DAN Analysis 8 min read May 14, 2026

Claude Code, OpenHands, and Devin: How the 2026 SWE-bench Race Is Reshaping Code Execution Agents

Three competing code execution agents racing along diverging scaffolding paths above a benchmark leaderboard

Table of Contents

TL;DR

The shift: The same base model now produces wildly different SWE-bench scores depending on which agent scaffold wraps it.
Why it matters: The buying decision for Code Execution Agents stopped being about the LLM and started being about the harness.
What’s next: First-party scaffolds (Claude Code, Codex) pull away from generic integrations, and broader evals replace pure Verified scoring.

The leaderboard is misleading you. Anthropic’s models hold five of the top ten slots on SWE-bench Verified. GPT-5.5 sits at 88.7%. Headlines keep crowning a new king every six weeks. But the actual purchasing decision — which coding agent your team should bet on — has stopped being a model decision. The scaffold around the LLM now swings results by roughly 17 points on the same base weights. That’s the whole story.

The Real Race Isn’t Between Models — It’s Between Scaffolds

Thesis: The 2026 SWE-bench race split — frontier models keep climbing, but the agent framework wrapped around them now decides whether code ships or stalls.

For two years the assumption was simple. Pick the strongest model, get the strongest agent. That assumption is broken.

Look at Claude Opus 4.6 alone. On a bare scaffold it posts 80.8% on SWE-bench Verified. Wrap that same model in OpenHands with CodeAct v3 and the score lands at 68.4% (Awesome Agents). Same weights. Same benchmark. A ~17-point gap.

That’s not noise. That’s architecture.

The benchmark is no longer measuring the model. It’s measuring how well the harness plans, retries, recovers, and reads the file system. That work is Workflow Orchestration For AI, and the agent is the product now — not the model.

Three Numbers, One Pattern

The evidence stacks the same direction from three independent angles.

Anthropic’s first-party scaffold leads. Claude Code on Opus 4.7 posts 87.6% on SWE-bench Verified (llm-stats.com). The same Opus weights under a generic scaffold drop materially. Anthropic isn’t winning because Opus is best in isolation. Anthropic is winning because Anthropic built the scaffold.
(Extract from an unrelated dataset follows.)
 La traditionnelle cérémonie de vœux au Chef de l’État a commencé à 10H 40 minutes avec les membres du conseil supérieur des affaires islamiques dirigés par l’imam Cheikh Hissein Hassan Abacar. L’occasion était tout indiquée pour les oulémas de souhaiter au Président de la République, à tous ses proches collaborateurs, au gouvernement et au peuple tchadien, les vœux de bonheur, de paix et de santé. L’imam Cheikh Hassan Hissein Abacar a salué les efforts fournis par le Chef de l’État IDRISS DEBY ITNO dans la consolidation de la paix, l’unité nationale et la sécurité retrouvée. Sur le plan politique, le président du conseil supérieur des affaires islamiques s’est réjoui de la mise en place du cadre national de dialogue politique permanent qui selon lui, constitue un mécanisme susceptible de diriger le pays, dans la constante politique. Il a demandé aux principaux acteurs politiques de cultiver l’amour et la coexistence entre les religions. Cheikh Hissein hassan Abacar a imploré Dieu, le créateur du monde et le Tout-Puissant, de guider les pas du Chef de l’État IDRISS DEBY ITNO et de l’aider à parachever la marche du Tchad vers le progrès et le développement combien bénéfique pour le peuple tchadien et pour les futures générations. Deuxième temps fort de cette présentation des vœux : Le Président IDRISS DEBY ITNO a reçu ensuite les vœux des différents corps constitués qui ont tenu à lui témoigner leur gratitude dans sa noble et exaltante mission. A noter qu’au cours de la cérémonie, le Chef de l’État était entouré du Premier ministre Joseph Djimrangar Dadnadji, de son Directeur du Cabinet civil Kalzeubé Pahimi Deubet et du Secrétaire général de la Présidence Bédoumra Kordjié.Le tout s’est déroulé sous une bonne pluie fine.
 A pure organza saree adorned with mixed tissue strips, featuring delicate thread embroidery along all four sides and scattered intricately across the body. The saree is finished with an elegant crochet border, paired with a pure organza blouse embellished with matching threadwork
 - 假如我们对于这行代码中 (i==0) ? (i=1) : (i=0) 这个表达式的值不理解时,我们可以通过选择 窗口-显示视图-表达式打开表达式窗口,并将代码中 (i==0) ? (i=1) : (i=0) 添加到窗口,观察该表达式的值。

OpenAI ran the same playbook. GPT-5.5 hit 88.7% on April 23, 2026 (OpenAI), but the agent shipping into real workflows is GPT-5.3-Codex — purpose-built tooling, Codex-tuned, leading Terminal-Bench 2.0 at 77.3% and SWE-bench Pro at 56.8%. The Codex variant exists because raw GPT-5.x without a scaffold is not the same product.
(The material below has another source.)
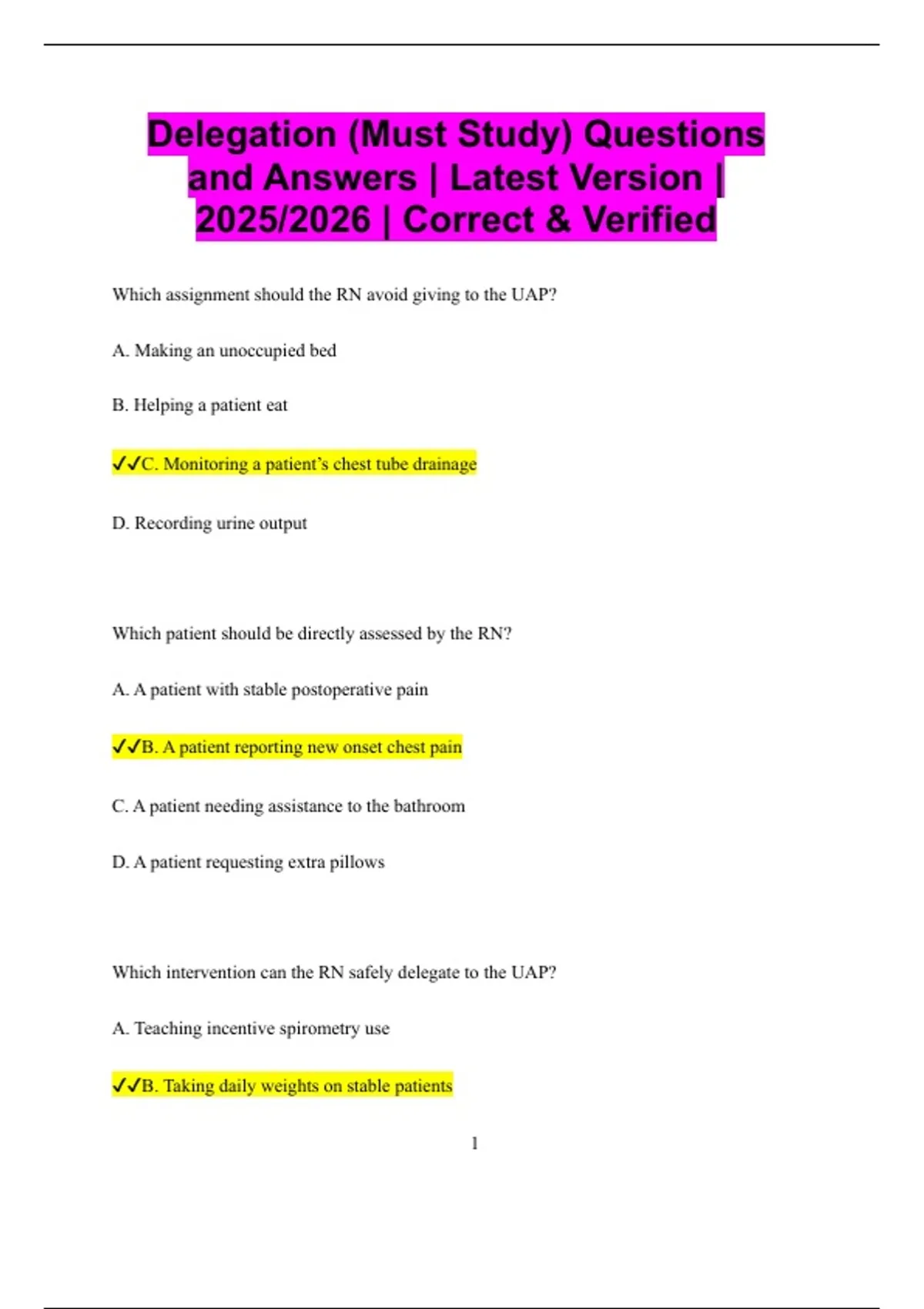 Delegation (Must Study) Questions and Answers | Latest Version | 2025/2026 | Correct & Verified Which assignment should the RN avoid giving to the UAP? A. Making an unoccupied bed B. Helping a patient eat C. Monitoring a patient’s chest tube drainage D. Recording urine output Which patient should be directly assessed by the RN? A. A patient with stable postoperative pain B. A patient reporting new onset chest pain C. A patient needing assistance to the bathroom D. A patient requesting extra pillows Which intervention can the RN safely delegate to the UAP? A. Teaching incentive spirometry use B. Taking daily weights on stable patients 2 C. Adjusting oxygen therapy settings D. Assessing nutritional intake Which responsibility cannot be delegated to an LPN? A. Administering oral medications B. Giving subcutaneous insulin C. Performing the first assessment after admission D. Reinforcing wound care instructions Which activity is appropriate for the UAP during shift change? A. Explaining medication side effects B. Evaluating a patient’s pain C. Stocking supplies in patient rooms D. Adjusting IV pump settings Which action should be performed by the RN rather than delegated? A. Feeding a confused patient B. Interpreting laboratory results 3 C. Assisting a patient to stand up D. Taking vital signs on a stable patient Which task is appropriate for delegation to an LPN? A. Administering intramuscular vaccines B. Completing discharge teaching C. Adjusting ventilator settings D. Performing a full nursing assessment Which activity is safe to delegate to the UAP? A. Evaluating pain relief after medication B. Explaining side effects of a new prescription C. Administering a tube feeding D. Obtaining vital signs on a stable patient Which task requires the RN’s direct involvement instead of delegation? A. Assisting a patient with a shower B. Collecting a urine specimen 4 C. Assessing lung sounds after nebulizer treatment D. Transporting a patient to radiology Which intervention can the LPN perform? A. Performing an admission assessment B. Administering intramuscular injections C. Interpreting lab results and changing care plan D. Developing discharge teaching Which activity can be delegated to the UAP during morning care? A. Assessing for skin breakdown B. Evaluating a patient’s fall risk C. Helping a patient with oral hygiene D. Teaching a patient how to use a cane Which patient should the RN assign to an experienced LPN? A. A patient requiring chemotherapy infusion B. A patient with stable hypertension needing oral medication 5 C. A patient admitted with acute stroke D. A patient requiring initial diabetes education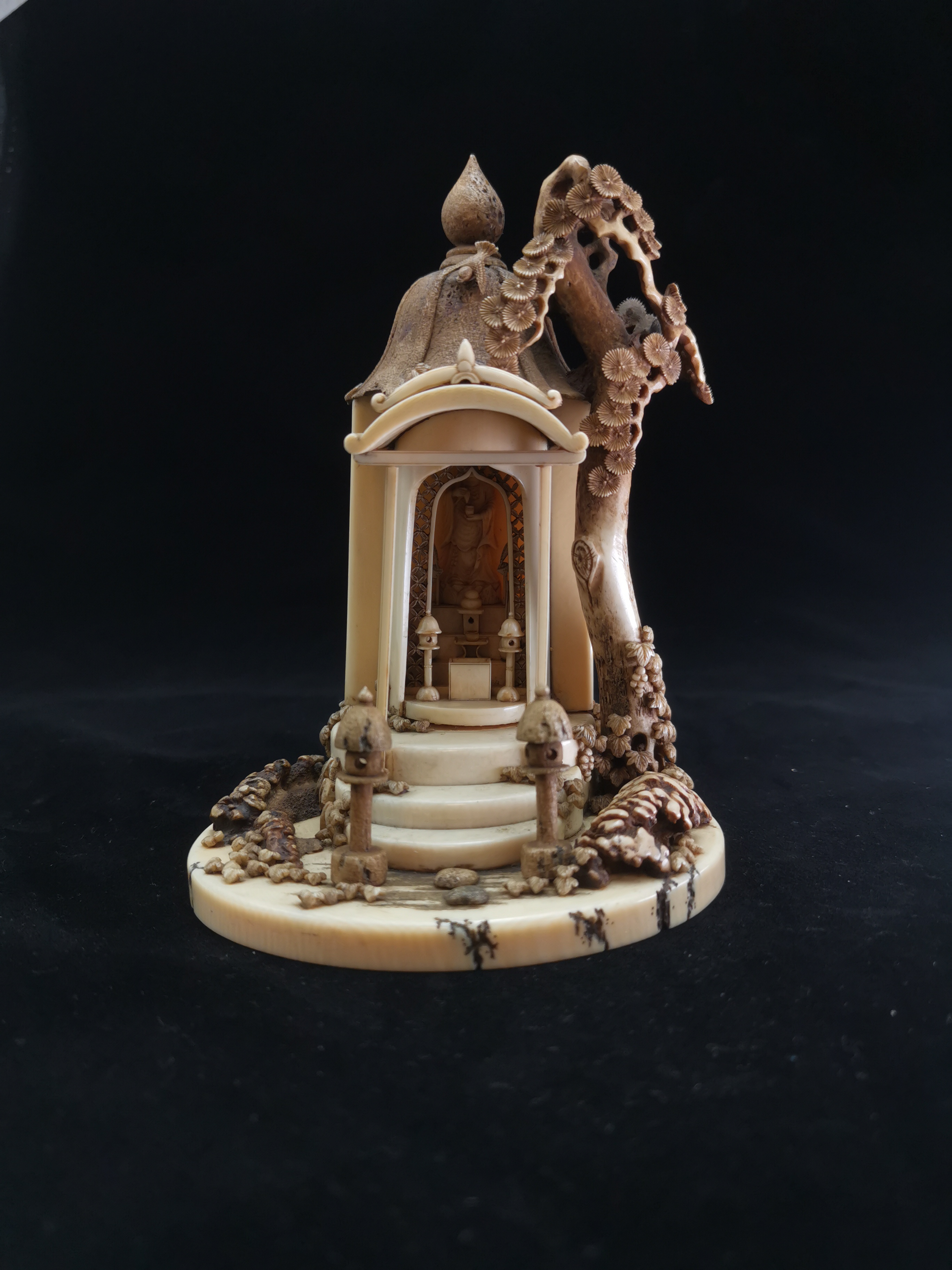 《日本書紀》記述,佛教於552年傳入日本,天主教則在1549年進入日本。江戶時期,佛教衰落,神道教擺脫附屬地位而獨立發展。明治維新後,為鞏固皇權,以神社和神道作為國家神道,提倡「神皇一體」、「祭政一致」,神道教獲得空前發展,成為天皇統治的重要思想武器。 在建築上開始引入西方技巧、材料和風格,建造與傳統有迥然不同特色的建築,建築師進而開始在早期基礎上,尋找日本文化與西方理念重疊的部分,相互融合,成為既有西方理念又有日本風味的特色建築。 本件作品的外觀線條顯露著歐洲風格,是明治時代受到「西方」異國文化影響,設計為家廟寺院建築造型的小型佛堂。內置觀音,觀音秀美端莊,形如仕女,法髻高綰,面目慈祥清秀,身著袍裙,裙襬飄逸,自然而流暢。右手持柳葉,左手捧淨瓶,以甘露遍灑天下,為慈悲理德的象徵。佛堂前的小庭園加入中國園林的常見素材,如石燈籠、草皮、翠綠蒼松等,底部刻有「民玉」款。 裝飾技法上,應用中國瓷器特有的「過枝」裝飾技法,連綿的草葉攀至底部,又加上自唐代開始的「茜色」工藝作局部妝點,使整體藝術效果極強,佈局既創新,又體現日本園林獨有的特殊韻味。

Then the production reality check. Devin scores 45.8% on SWE-bench Verified unassisted (Cognition). It also posts a 67% PR merge rate on real codebases, up from 34% the prior year (Cognition Blog). That gap — benchmark vs production — isn’t a Devin problem. METR found maintainer merge decisions run about 24 percentage points below SWE-bench grader pass rates across the field.
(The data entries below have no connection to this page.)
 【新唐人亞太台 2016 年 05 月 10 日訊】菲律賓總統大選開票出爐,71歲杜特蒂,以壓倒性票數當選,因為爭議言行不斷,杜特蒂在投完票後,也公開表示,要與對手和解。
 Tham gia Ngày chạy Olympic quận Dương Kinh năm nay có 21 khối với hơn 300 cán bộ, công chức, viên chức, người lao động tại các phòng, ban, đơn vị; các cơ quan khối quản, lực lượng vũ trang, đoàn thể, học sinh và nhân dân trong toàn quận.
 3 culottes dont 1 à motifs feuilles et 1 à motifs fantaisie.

Three labs. Three approaches. One signal: the benchmark and the product are diverging.

The Winners

Anthropic owns the moment. Five of the top ten SWE-bench Verified entries are Claude variants (llm-stats.com). Claude Code ships everywhere — terminal, VS Code, JetBrains, desktop, web, iOS — and powers the 87.6% Opus 4.7 result (techjacksolutions.com). Subscription tiers sit at $20/mo Pro, $100–$200/mo Max, and $100/seat/mo Premium with a 5-seat minimum (Claude pricing page). Teams paying API rates pay $5/MTok input and $25/MTok output for Opus 4.7 (Anthropic’s pricing page) — but get the scaffold and the model as one stack.

OpenAI’s Codex line is the other commercial winner. GPT-5.3-Codex leads SWE-bench Pro and Terminal-Bench 2.0. Not because GPT-5.3 is stronger than GPT-5.5 — it isn’t — but Codex is engineered for the loop, not the leaderboard.

OpenHands wins the open-source category. Roughly 68–72% on SWE-bench Verified with a Claude 4 backend (OpenHands blog), and the OpenHands Index, launched January 28, 2026, expanded evaluation beyond Verified into issue resolution, greenfield, frontend, and testing. Right move at the right time.

The Losers

Teams treating SWE-bench Verified as the buying signal lost the plot. The score predicts grader pass rates. It does not predict maintainer merge decisions. METR’s ~24-point production gap means an 80% benchmark agent can still see most of its PRs rejected.

Bare-model integrators are next. Anyone wiring Opus 4.7 or GPT-5.5 into a custom in-house harness is competing against Anthropic and OpenAI’s purpose-built scaffolds — and starting 10 to 20 points down before they ship a feature.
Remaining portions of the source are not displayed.